一氧化氮(Nitric oxide,NO)含量测定试剂盒说明书
分光光度法 50 管/48 样
正式测定前务必取 2-3 个预期差异较大的样本做预测定测定意义:
NO(Nitric Oxide,NO)广泛分布于生物体内神经、循环、呼吸、消化、泌尿生殖等系统中,特别是神经组织中较丰富。它作为细胞间及细胞内的信息物质,发挥信号传递的作用,是一种新型的生物信使分子,在机体的生理、病理过程中起着重要的作用。
测定原理:
在体内或水溶液中极易氧化生成NO —,在酸性条件下,NO2—与重氮盐磺酸胺生成重氮化合物,进一步与萘基乙烯基二胺偶合,产物在 550nm 处有特征吸收峰,测定其吸光值,可以计算 NO 含量。
组成:
产品名称 | DC6003-50T/48S | Storage |
提取液:液体 | 50ml | 4℃ |
试剂一:液体 | 15ml | 4℃避光 |
试剂二:粉剂 | 15ml | 4℃避光 |
说明书 | 一份 |
试剂二:液体 15ml×1 瓶,4℃避光保存。
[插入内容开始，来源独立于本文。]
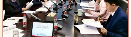
11月22日,中建设计研究院党委理论中心组集中学习全会精神。
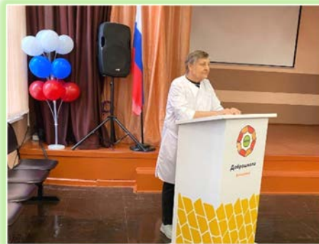
ГОКУ ИО «СКШИ для обучающихся с нарушениями зрения №8 г. Иркутска»
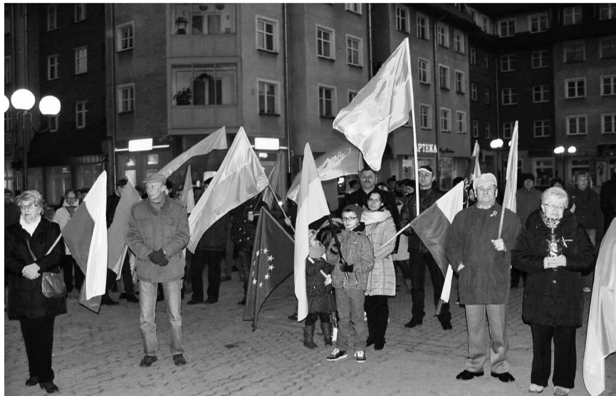
У руках прапори Польщі, України та Євросоюзу.

ли, що хочуть жити в українській державі як європейській демократії. Вийшли на Майдан не задля власної користі, але задля кращого майбутнього.
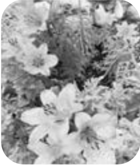
エゾスカシユリ 客殿前に咲く泊村の花

5月23日に再度開館し、初日から入館者もあり、いつもの鯉御殿にもどりつつある、とお知らせしたいですが、現実はなかなか難しいようです。昨年ですと道外の方々と団体が入館者の半数以上でしたので、まだ海外や道外との交流が自粛されている間はどうしても入館者数は押さえられてしまうのは仕方のないことと考えます。そんな時に「新聞や広報で見ました」「以前来て良かったので家族も連れて来ました」「オープンを楽しみに待っていました」という方々の来館はうれしいものです。ちょうど泊村の花も綺麗に咲きました。
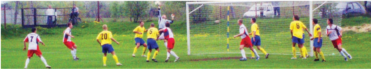
Piłkarze Zjednoczonych Stryków zremisowali z liderem Ceramiką Opoczno 1:1.
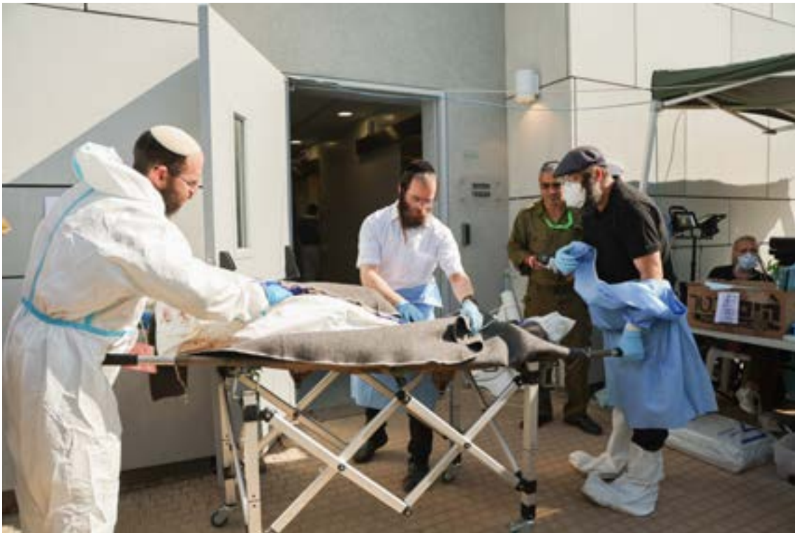
למעלה: מתנדבי זק"א מפנים גופות בקיבוץ בארי. למטה: מתנדבי זק"א בבסיס שורה לזיהוי גופות.
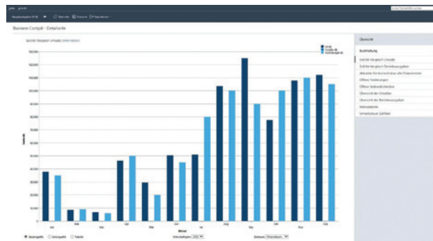
Aktuelle Kennzahlen präsentiert Lexware buchhaltung auf klaren Dashboards.

Viele Schnittstellen: Die Buchhaltung ist keine Insel, sondern Teil eines Gesamtprozesses, weshalb Schnittstellen eine hohe Bedeutung haben: Lexware buchhaltung verarbeitet Daten aus Schwesterprogrammen wie auftrag+faktura , lohn+gehalt oder reisekosten . Hinzu kommen relevante E-Rechnungsformate für Eingangsrechnungen. Auf der anderen Seite gibt es Anbindungen zu den Finanzbehörden und dem Steuerberater. Wer mehr Funktionen benötigt, kann auf größere Programmversionen wechseln und zusätzliche Arbeitsplätze und Funktionen wie das Kassenbuch ergänzen. Bestehende Daten kann man dabei einfach übernehmen.
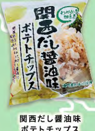
関西だし醤油味 ポテトチップス
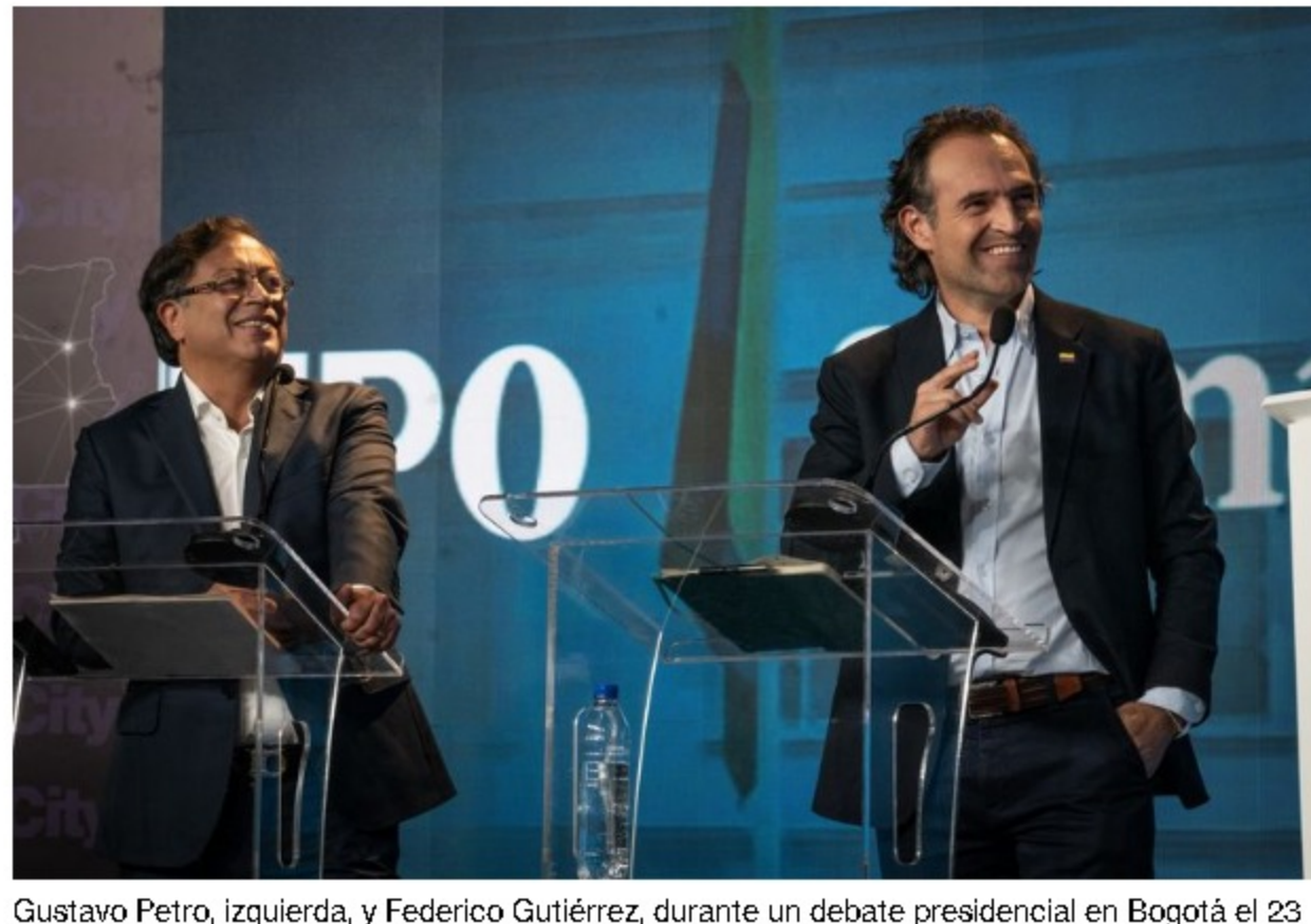
Gustavo Petro, izquierda, y Federico Gutiérrez, durante un debate presidencial en Bogotá el 23 de mayo.
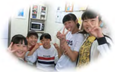
休憩時間、笑顔いっぱいの中3生
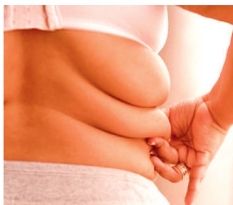
A projeção da Organização Mundi-

É possível acionar a Justiça pela ridicularização e inviabilização do corpo. No entanto, a pessoa ofendida terá que alegar que sofreu injúria e não gordofobia, já que a expressão ainda não é tipificada em lei.

(用之前 60℃加热震荡 15min)
自备仪器和用品:
天平、研钵或匀浆器、可见分光光度计、1ml 玻璃比色皿、蒸馏水。
样品处理:
1. 组织:按照组织质量(g):提取液体积(ml)为 1:5~10 的比例(建议称取约 0.1g 组织,加入 1ml 提取液)进行冰浴匀浆。10000g,4℃离心 15min,取上清,置冰上待测。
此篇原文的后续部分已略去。